Within the records below, repeat each line exactly but keep every picture out of the copy.

###

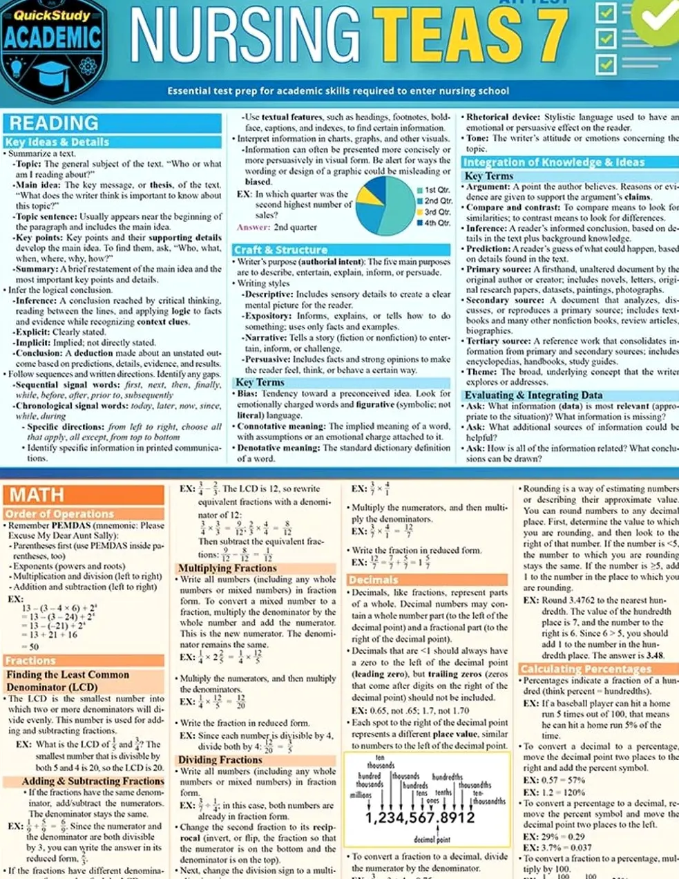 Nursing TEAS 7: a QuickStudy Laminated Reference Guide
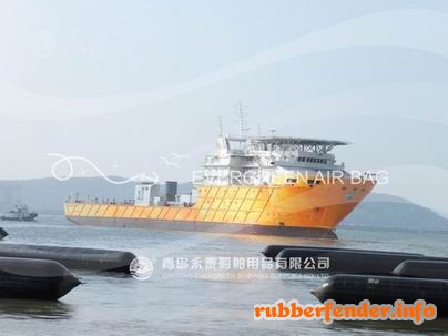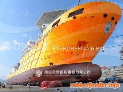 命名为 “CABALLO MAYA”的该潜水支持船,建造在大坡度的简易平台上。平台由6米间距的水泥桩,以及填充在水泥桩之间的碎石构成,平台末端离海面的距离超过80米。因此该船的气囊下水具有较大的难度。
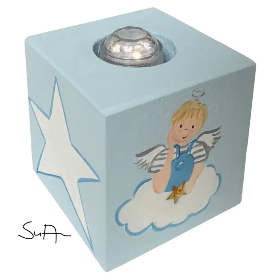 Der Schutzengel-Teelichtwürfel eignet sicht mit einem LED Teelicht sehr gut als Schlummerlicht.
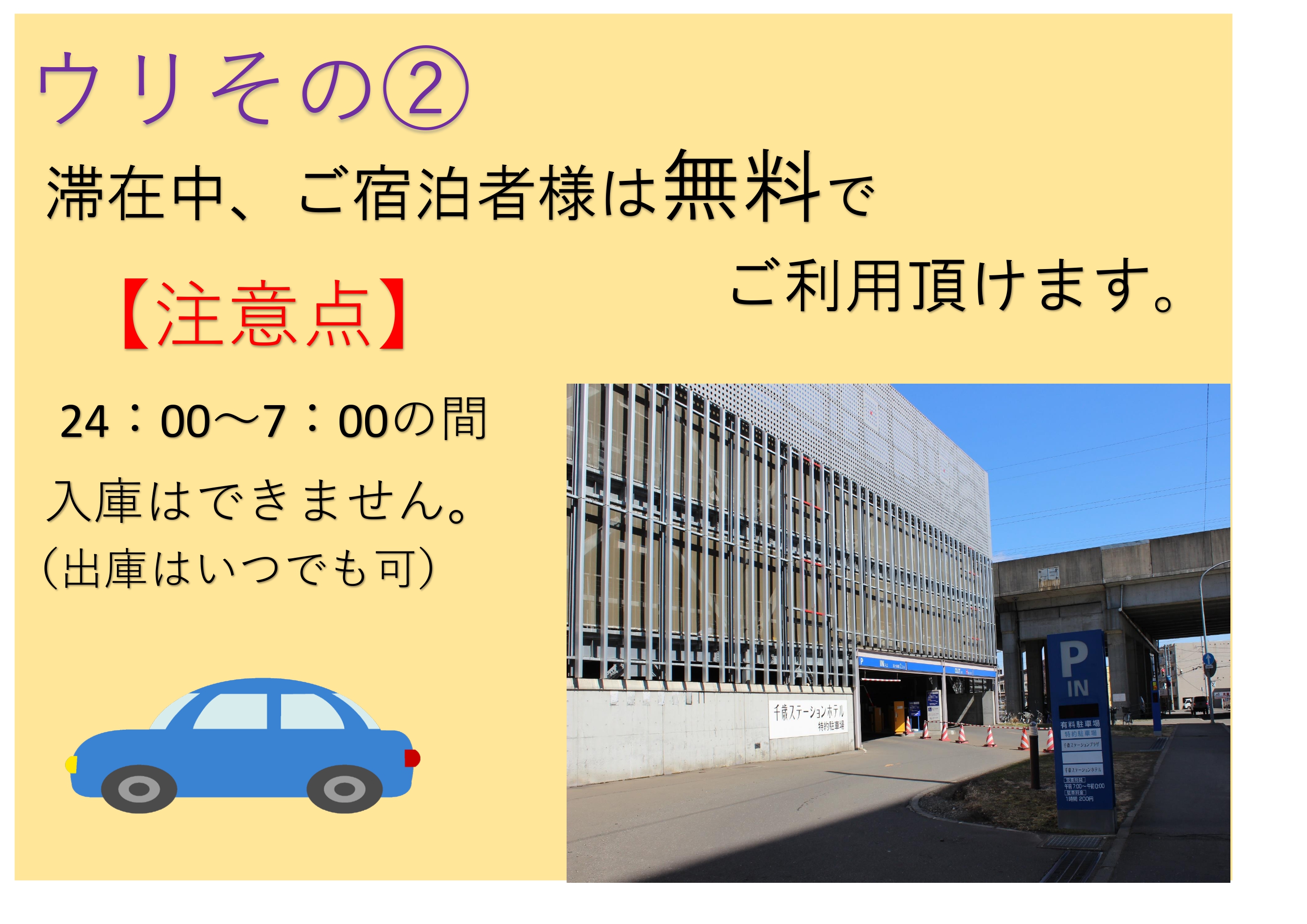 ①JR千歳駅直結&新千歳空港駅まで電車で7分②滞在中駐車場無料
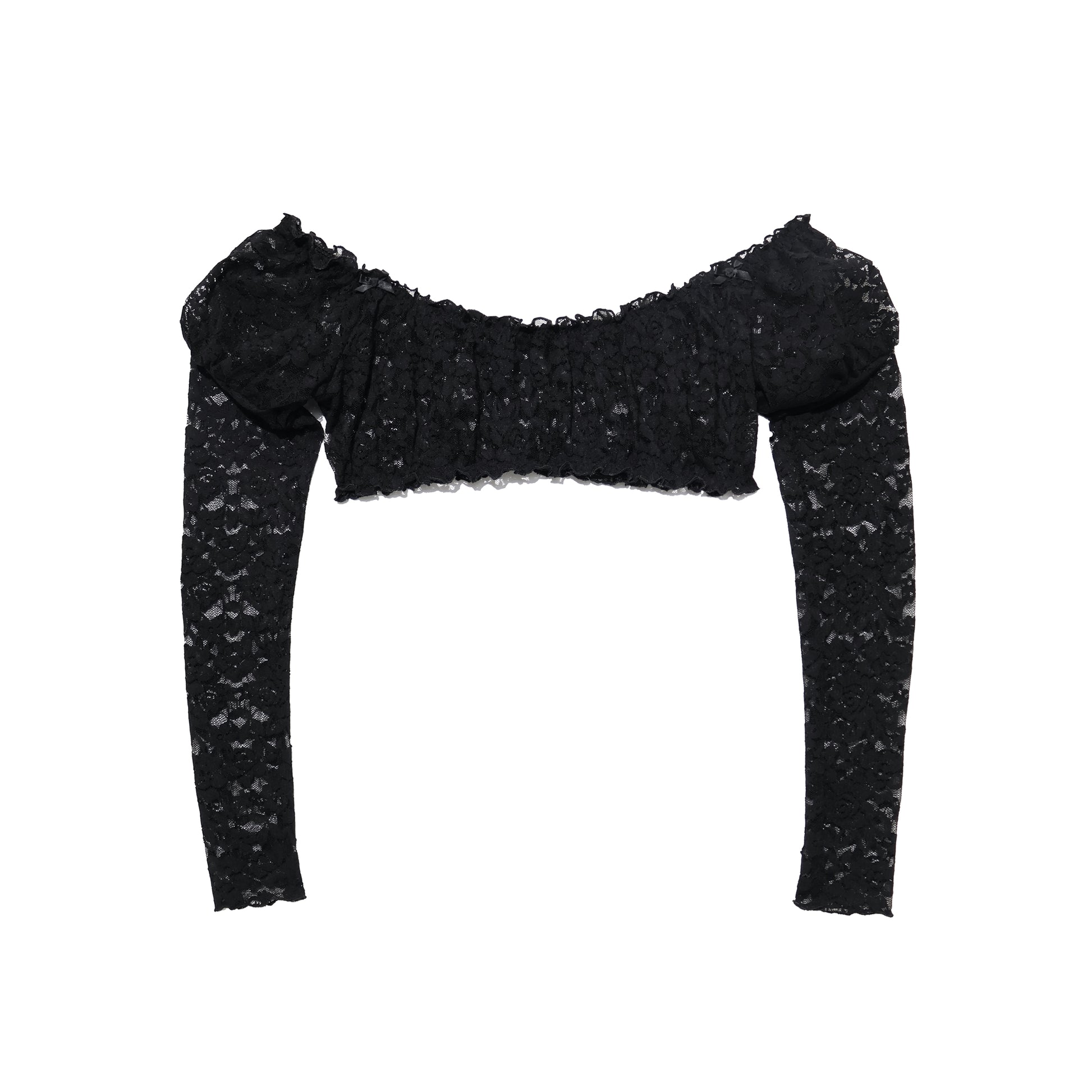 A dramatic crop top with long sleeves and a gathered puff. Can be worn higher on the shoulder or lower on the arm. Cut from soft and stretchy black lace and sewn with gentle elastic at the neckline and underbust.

###

> EXPECTED ANSWER
 Nursing TEAS 7: a QuickStudy Laminated Reference Guide
 命名为 “CABALLO MAYA”的该潜水支持船,建造在大坡度的简易平台上。平台由6米间距的水泥桩,以及填充在水泥桩之间的碎石构成,平台末端离海面的距离超过80米。因此该船的气囊下水具有较大的难度。
 Der Schutzengel-Teelichtwürfel eignet sicht mit einem LED Teelicht sehr gut als Schlummerlicht.
 ①JR千歳駅直結&新千歳空港駅まで電車で7分②滞在中駐車場無料
 A dramatic crop top with long sleeves and a gathered puff. Can be worn higher on the shoulder or lower on the arm. Cut from soft and stretchy black lace and sewn with gentle elastic at the neckline and underbust.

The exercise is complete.